* Required action: Print the lines that start the entries and continue through the one holding "MJ Logo white", please, exactly and with the pictures omitted.

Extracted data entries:
══════════════════════════════

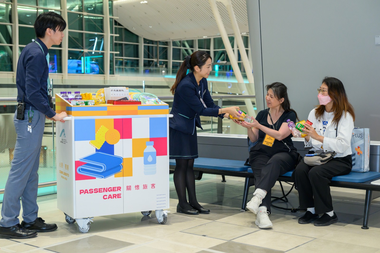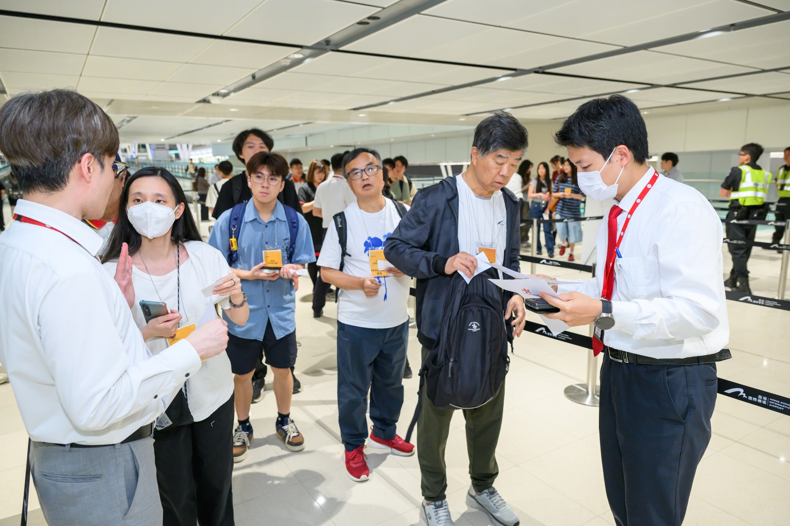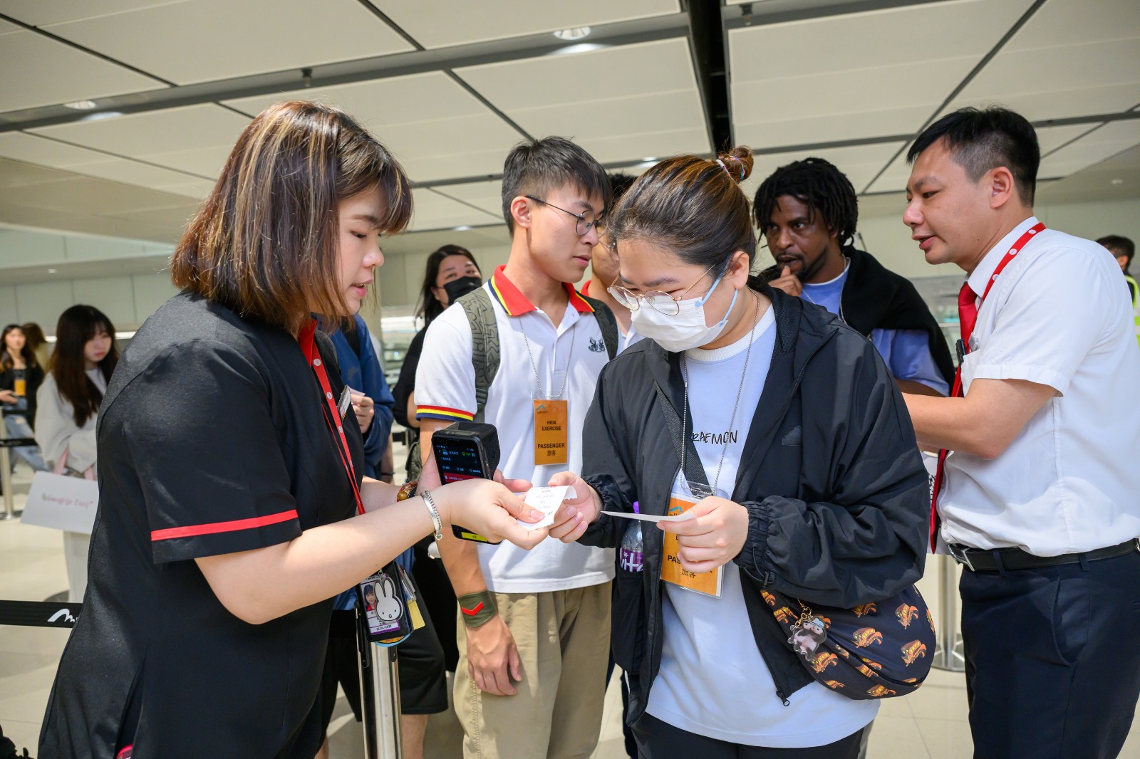 一號及二號客運大樓在演習期間進行人流管理演練,機管局當值人員、航空公司地勤人員和機場保安等引導及控制旅客人流,並向受影響旅客派發樽裝水與乾糧。機場亦實施緊急行李處理安排,以應對行李積壓情況。同時,停機坪上都進行登機橋繫固及還原工作,以確保安全。機管局還啟動機場緊急應變中心,以促進各持份者之間的有效溝通和協調,並透過航班重新編配程序為航班有序恢復服務作出規劃。
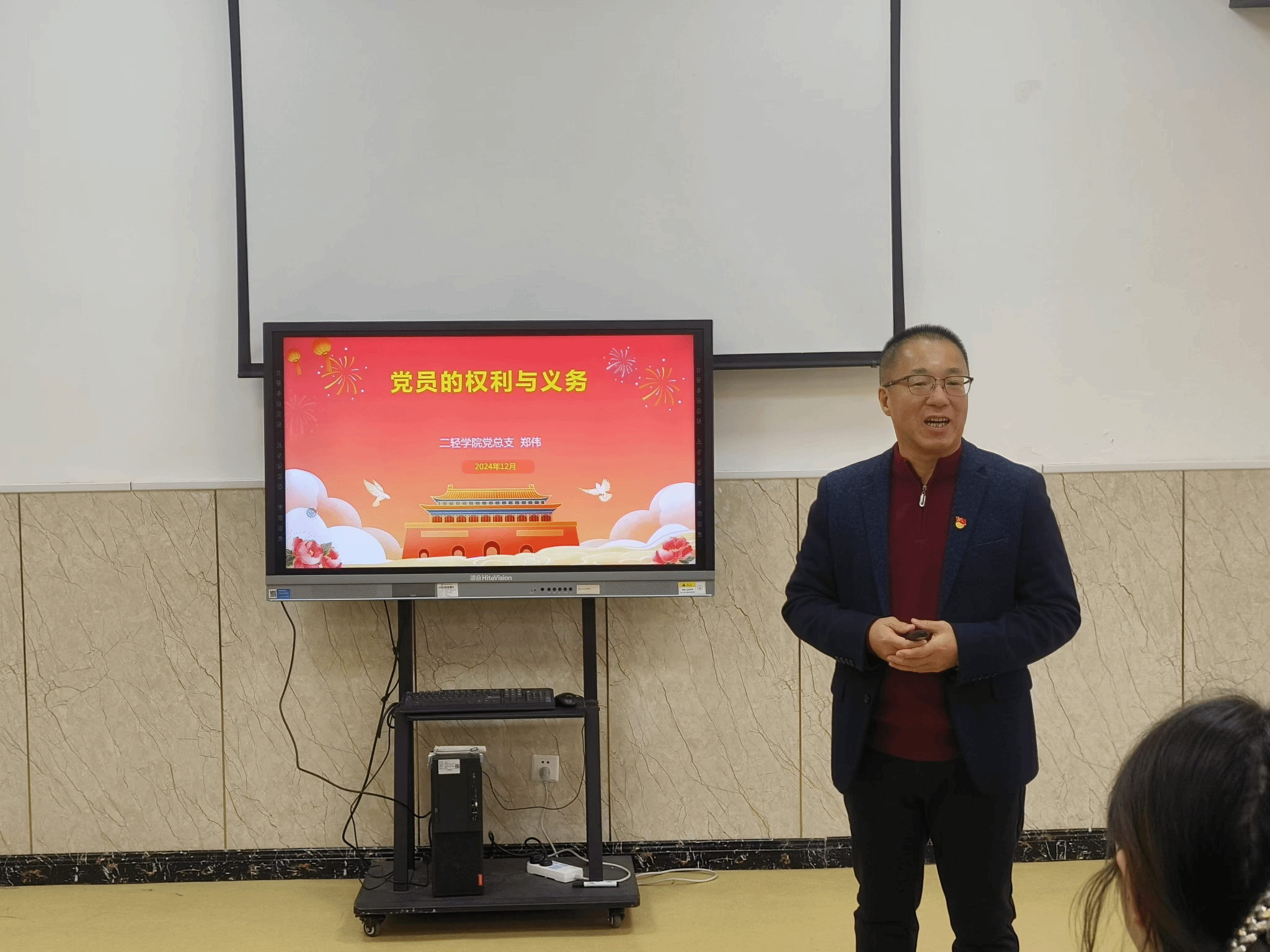 郑伟书记以《党员的权利与义务》为题,首先认真细致的向大家讲解共产党员的权利与义务,大学生如何锤炼自己,成为一名合格的共产党员。他希望团员们学思践悟笃行习近平新时代中国特色社会主义思想,学习贯彻党的二十届三中全会精神和习近平总书记系列重要讲话精神,努力成为具备专业技能和职业素养的高素质人才,为实现中华民族伟大复兴贡献力量。
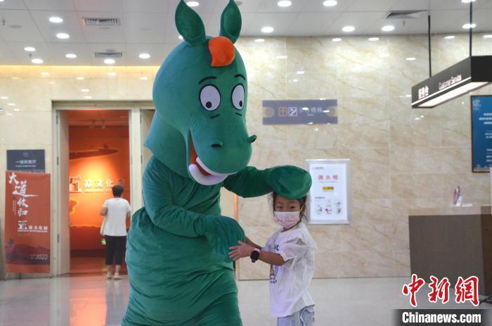 8月17日,在甘肃省博物馆内小朋友正在和真人版“铜奔马毛绒玩偶”互动。李亚龙 摄
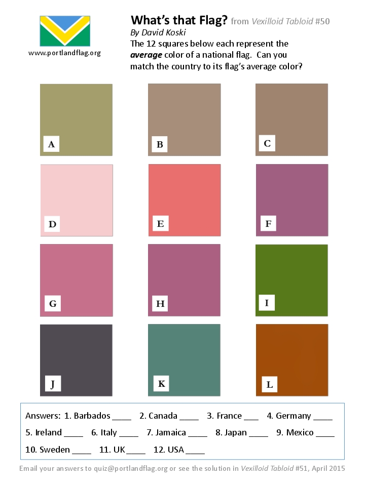 Can you distinguish 12 national flags using only their average color? Email your answers to quiz@portlandflag.org, or wait for the solution to be revealed in the next Vexilloid Tabloid.
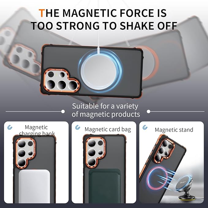 - 【Super-Strong Magnetic Attraction for Stable Fast Charging】The fits Samsung Galaxy S25 Ultra case magsafe is equipped with a built-in strong magnet, provides a super-strong magnetic connection, ensuring automatic alignment that ensures your Samsung Galaxy S25 Ultra stays in place no matter how it rotates,and It also works seamlessly with most MagSafe accessories.
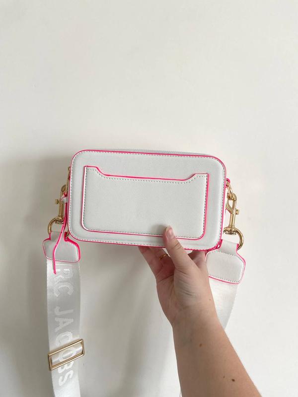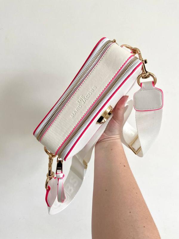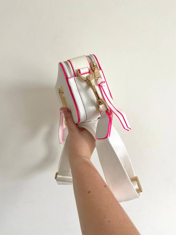 MJ Logo white /pink line • Матеріал - еко шкіра • Розмір : 20*12*7 • Два відділення, розділені стінкою з еко шкіри, ззаду кишеньку. Ремінь 120 см Ціна: 1550 грн
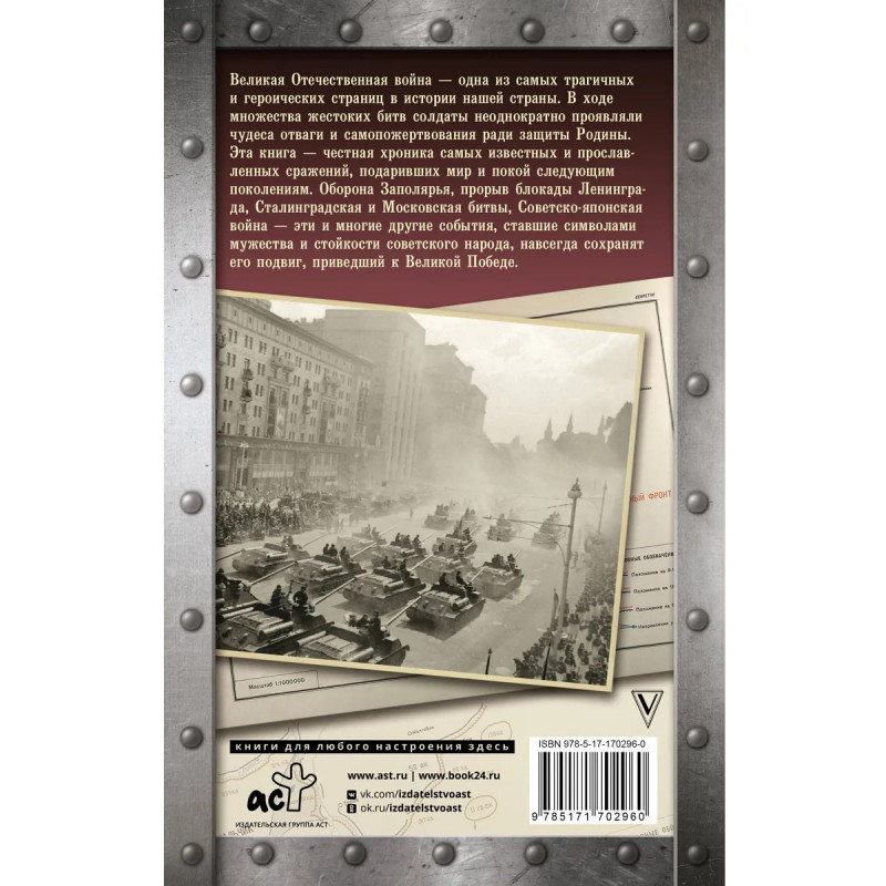 Великая Отечественная война — одна из самых трагичных и героических страниц в истории нашей страны. В ходе множества жестоких битв солдаты неоднократно проявляли чудеса отваги и самопожертвования ради защиты Родины. Эта книга — честная хроника самых известных и прославленных сражений, подаривших мир и покой следующим поколениям. Оборона Заполярья, прорыв блокады Ленинграда, Сталинградская и Московская битвы, Советско- японская вой на — эти и многие другие события, ставшие символами мужества и стойкости советского народа, навсегда сохранят его подвиг, приведший к Великой Победе.
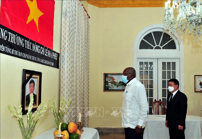 El acto contó con la participación del vicepresidente cubano, Salvador Valdés Mesa, quien escribió en el libro de condolencias que el exdirigente vietnamita se recordará para siempre como un gran contribuidor a las relaciones de solidaridad, cooperación y amistad especial entre Vietnam y Cuba.
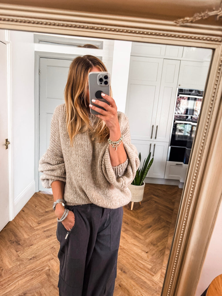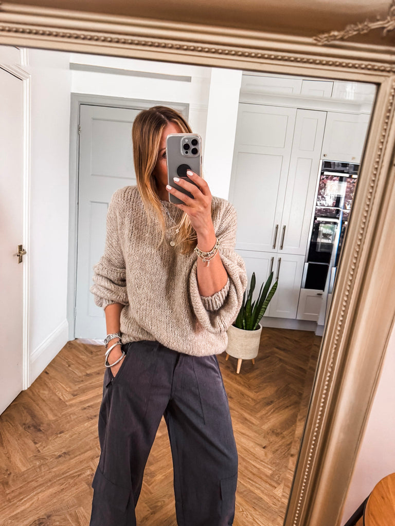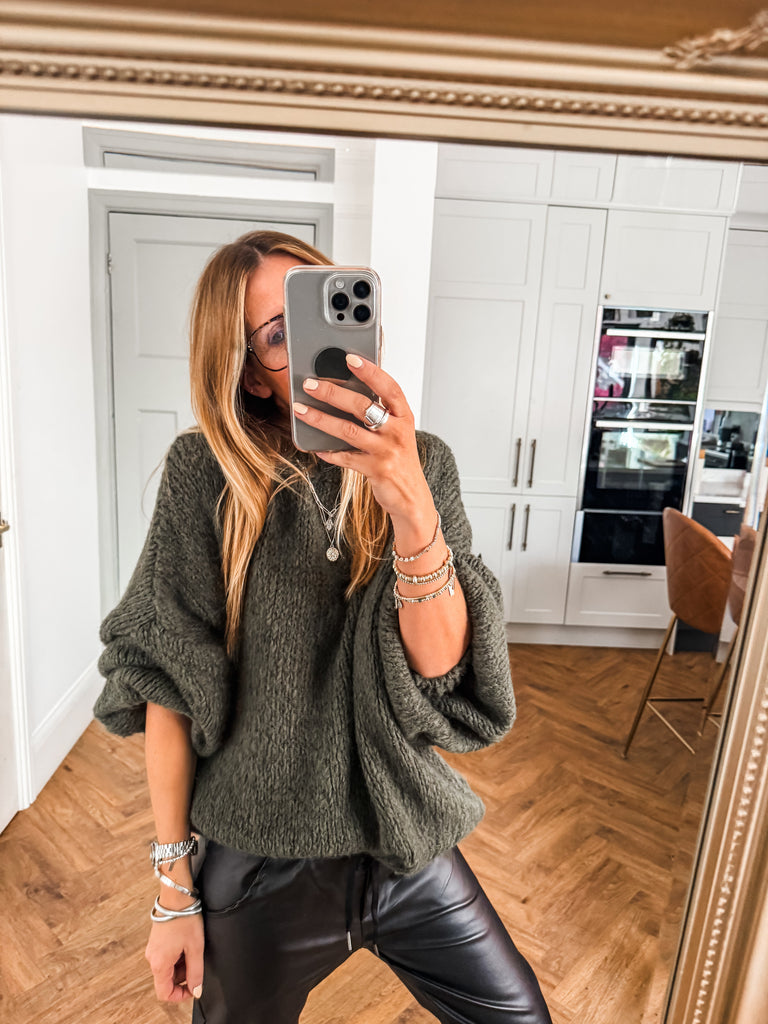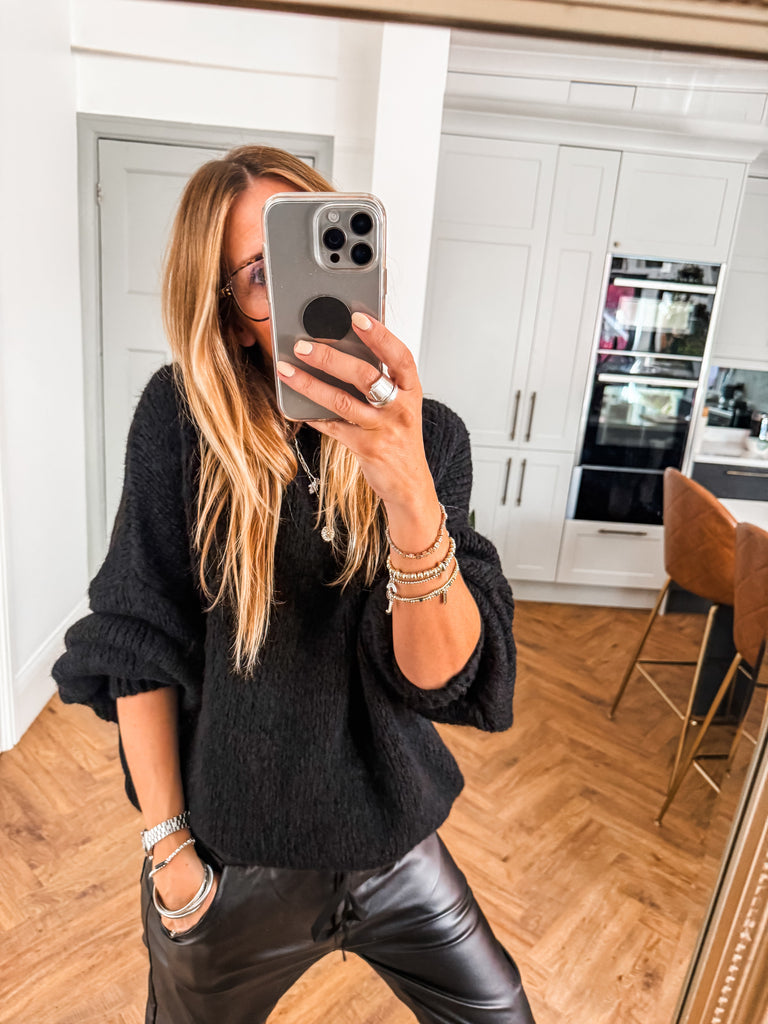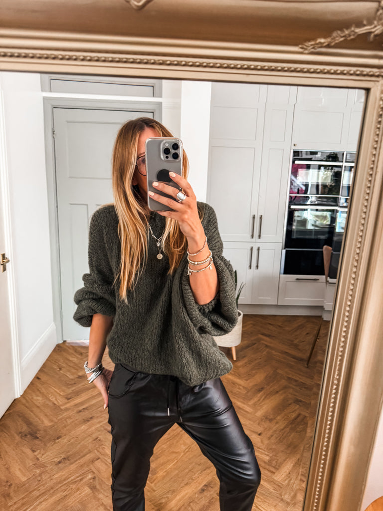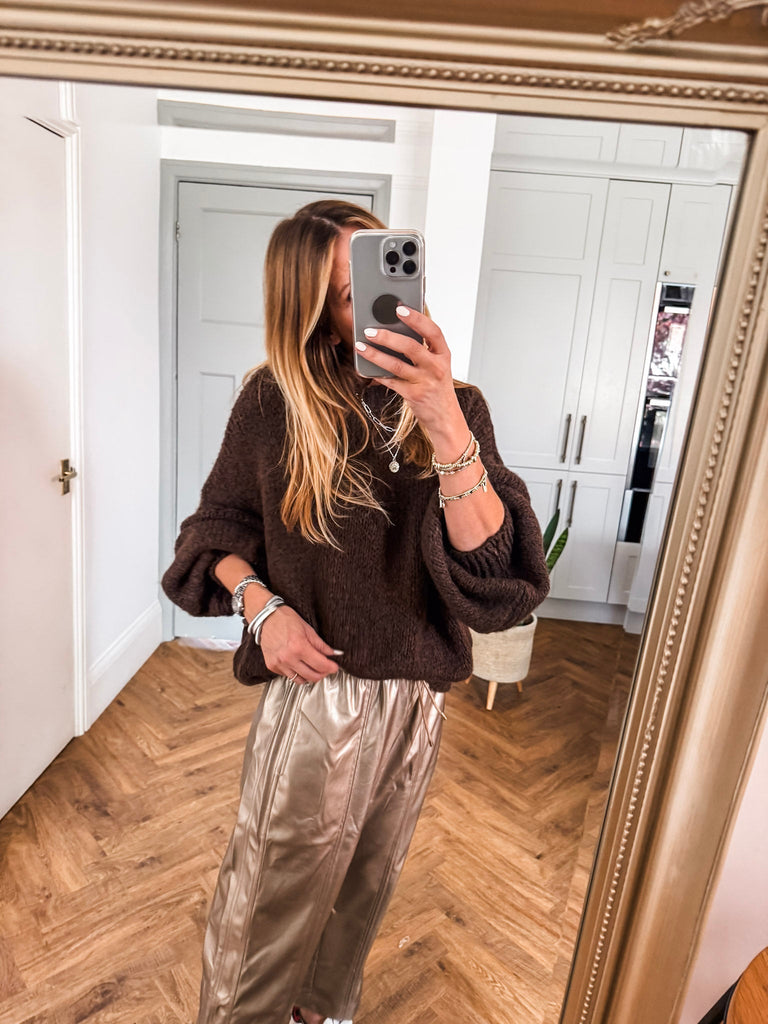 Balloon Sleeve Textured Knit Jumper
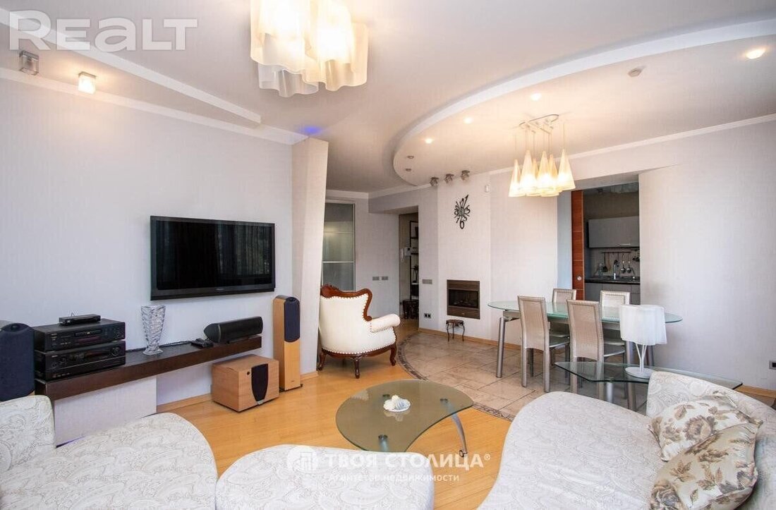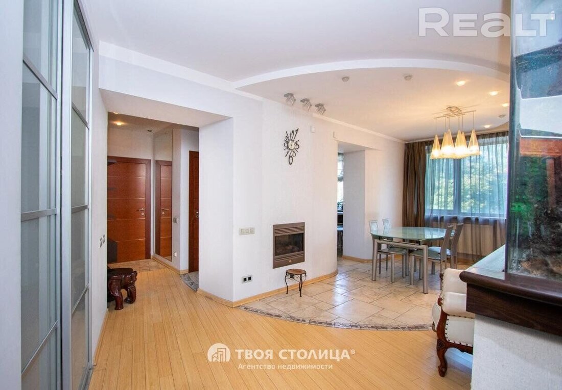 В совминовском доме на Золотой Горке на продажу выставили большую квартиру, в которой остановилось время. Но не в БССР, а в богатых 2000-х. Здесь и аквариум, и стеклянные столы, и фигурные потолки, и DVD-проигрыватель. При этом, все выглядит хорошо и сегодня. Рассказываем историю этого дома и показываем квартиру в деталях.

══════════════════════════════

* Written answer:
 一號及二號客運大樓在演習期間進行人流管理演練,機管局當值人員、航空公司地勤人員和機場保安等引導及控制旅客人流,並向受影響旅客派發樽裝水與乾糧。機場亦實施緊急行李處理安排,以應對行李積壓情況。同時,停機坪上都進行登機橋繫固及還原工作,以確保安全。機管局還啟動機場緊急應變中心,以促進各持份者之間的有效溝通和協調,並透過航班重新編配程序為航班有序恢復服務作出規劃。
 郑伟书记以《党员的权利与义务》为题,首先认真细致的向大家讲解共产党员的权利与义务,大学生如何锤炼自己,成为一名合格的共产党员。他希望团员们学思践悟笃行习近平新时代中国特色社会主义思想,学习贯彻党的二十届三中全会精神和习近平总书记系列重要讲话精神,努力成为具备专业技能和职业素养的高素质人才,为实现中华民族伟大复兴贡献力量。
 8月17日,在甘肃省博物馆内小朋友正在和真人版“铜奔马毛绒玩偶”互动。李亚龙 摄
 Can you distinguish 12 national flags using only their average color? Email your answers to quiz@portlandflag.org, or wait for the solution to be revealed in the next Vexilloid Tabloid.
 - 【Super-Strong Magnetic Attraction for Stable Fast Charging】The fits Samsung Galaxy S25 Ultra case magsafe is equipped with a built-in strong magnet, provides a super-strong magnetic connection, ensuring automatic alignment that ensures your Samsung Galaxy S25 Ultra stays in place no matter how it rotates,and It also works seamlessly with most MagSafe accessories.
 MJ Logo white /pink line • Матеріал - еко шкіра • Розмір : 20*12*7 • Два відділення, розділені стінкою з еко шкіри, ззаду кишеньку. Ремінь 120 см Ціна: 1550 грн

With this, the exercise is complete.